→ **Aim of the exercise**
Using the data beneath this instruction, retype only the lines from the one that contains "Hier die Schaltung: Rechts" down to the one that contains "Luxury Plaid Blanket", both included, exactly as they appear.

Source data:
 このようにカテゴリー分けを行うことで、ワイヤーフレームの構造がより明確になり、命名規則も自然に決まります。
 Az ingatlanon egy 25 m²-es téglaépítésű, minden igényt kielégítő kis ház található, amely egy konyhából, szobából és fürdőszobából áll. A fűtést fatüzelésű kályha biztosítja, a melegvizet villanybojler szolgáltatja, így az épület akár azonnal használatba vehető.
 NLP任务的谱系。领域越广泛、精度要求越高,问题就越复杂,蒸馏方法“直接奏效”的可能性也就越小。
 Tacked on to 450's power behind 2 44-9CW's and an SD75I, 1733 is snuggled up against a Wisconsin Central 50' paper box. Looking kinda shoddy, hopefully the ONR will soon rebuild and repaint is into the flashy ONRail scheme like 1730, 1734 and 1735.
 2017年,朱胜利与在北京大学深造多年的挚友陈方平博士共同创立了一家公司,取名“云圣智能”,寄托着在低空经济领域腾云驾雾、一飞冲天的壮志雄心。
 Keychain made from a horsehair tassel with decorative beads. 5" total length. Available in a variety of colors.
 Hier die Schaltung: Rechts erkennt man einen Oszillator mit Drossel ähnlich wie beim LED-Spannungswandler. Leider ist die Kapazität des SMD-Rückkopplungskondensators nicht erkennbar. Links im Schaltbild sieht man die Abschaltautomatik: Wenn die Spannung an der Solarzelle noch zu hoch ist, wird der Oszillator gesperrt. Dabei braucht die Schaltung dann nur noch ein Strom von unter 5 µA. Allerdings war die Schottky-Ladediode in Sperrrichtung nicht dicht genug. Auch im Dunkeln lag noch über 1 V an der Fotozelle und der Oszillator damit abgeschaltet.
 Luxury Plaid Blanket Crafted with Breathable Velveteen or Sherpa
...
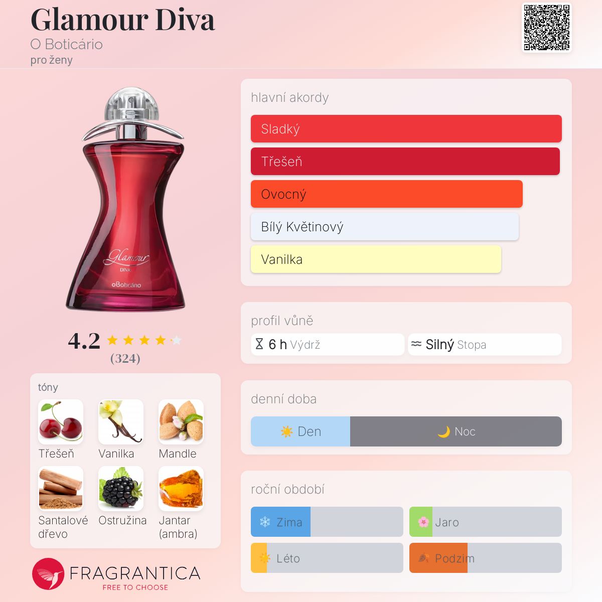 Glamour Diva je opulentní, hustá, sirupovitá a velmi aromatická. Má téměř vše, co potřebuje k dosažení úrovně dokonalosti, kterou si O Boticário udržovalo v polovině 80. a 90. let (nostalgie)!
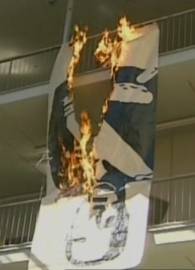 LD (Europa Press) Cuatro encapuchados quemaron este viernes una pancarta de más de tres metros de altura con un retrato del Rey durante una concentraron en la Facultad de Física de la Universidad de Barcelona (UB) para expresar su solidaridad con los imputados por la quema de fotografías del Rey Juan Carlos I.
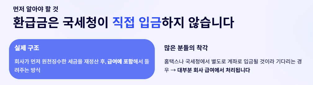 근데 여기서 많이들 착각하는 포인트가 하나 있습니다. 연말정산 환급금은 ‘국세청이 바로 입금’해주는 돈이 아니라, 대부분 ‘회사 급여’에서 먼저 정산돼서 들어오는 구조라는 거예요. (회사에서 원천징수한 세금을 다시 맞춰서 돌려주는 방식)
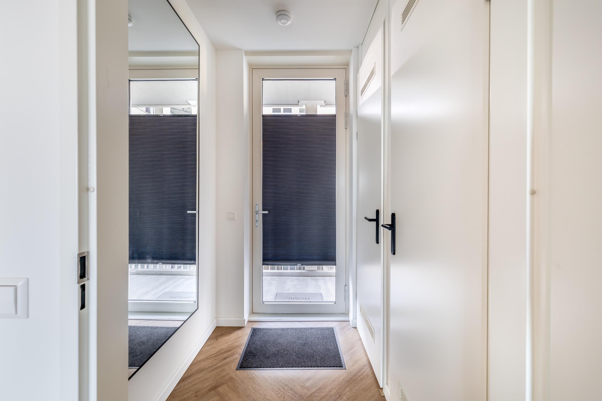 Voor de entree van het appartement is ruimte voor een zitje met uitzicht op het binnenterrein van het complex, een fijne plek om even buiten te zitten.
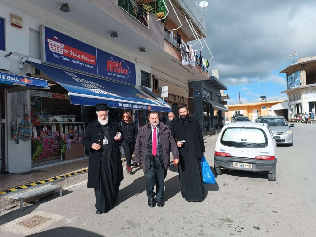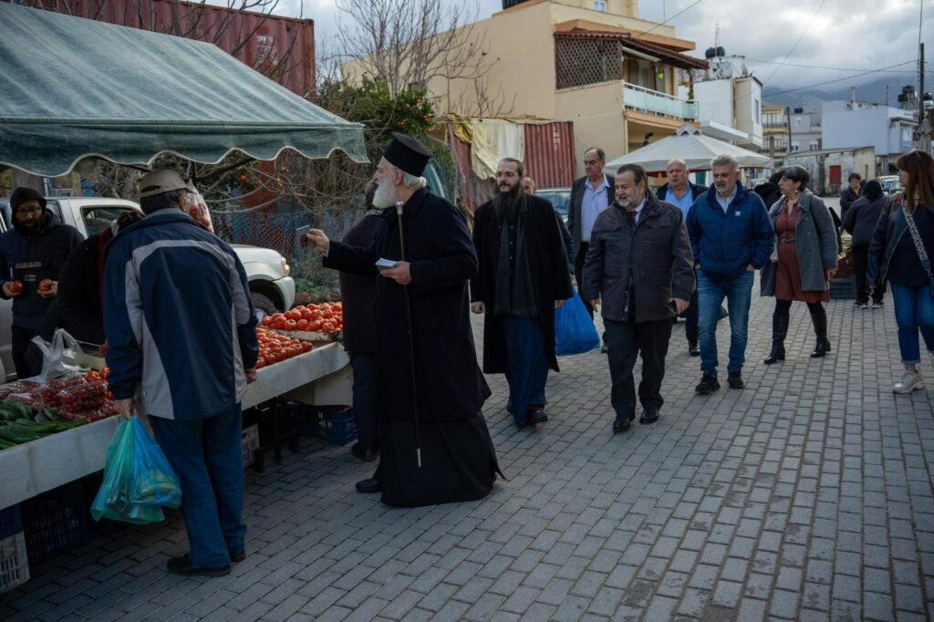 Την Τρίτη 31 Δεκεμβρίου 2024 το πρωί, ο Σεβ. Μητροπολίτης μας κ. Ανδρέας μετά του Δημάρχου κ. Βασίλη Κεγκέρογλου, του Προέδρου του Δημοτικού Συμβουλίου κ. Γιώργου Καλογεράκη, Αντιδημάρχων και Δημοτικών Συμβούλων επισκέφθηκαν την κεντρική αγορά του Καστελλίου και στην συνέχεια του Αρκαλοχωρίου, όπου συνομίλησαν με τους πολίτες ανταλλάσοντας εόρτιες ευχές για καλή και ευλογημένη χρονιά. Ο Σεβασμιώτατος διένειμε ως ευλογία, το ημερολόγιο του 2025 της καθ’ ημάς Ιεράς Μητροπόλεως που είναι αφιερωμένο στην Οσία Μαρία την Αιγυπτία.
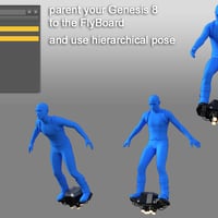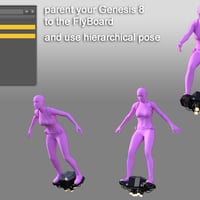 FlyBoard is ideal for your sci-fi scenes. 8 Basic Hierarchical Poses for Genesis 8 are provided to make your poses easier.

→ **Task response**
 Hier die Schaltung: Rechts erkennt man einen Oszillator mit Drossel ähnlich wie beim LED-Spannungswandler. Leider ist die Kapazität des SMD-Rückkopplungskondensators nicht erkennbar. Links im Schaltbild sieht man die Abschaltautomatik: Wenn die Spannung an der Solarzelle noch zu hoch ist, wird der Oszillator gesperrt. Dabei braucht die Schaltung dann nur noch ein Strom von unter 5 µA. Allerdings war die Schottky-Ladediode in Sperrrichtung nicht dicht genug. Auch im Dunkeln lag noch über 1 V an der Fotozelle und der Oszillator damit abgeschaltet.
 Luxury Plaid Blanket Crafted with Breathable Velveteen or Sherpa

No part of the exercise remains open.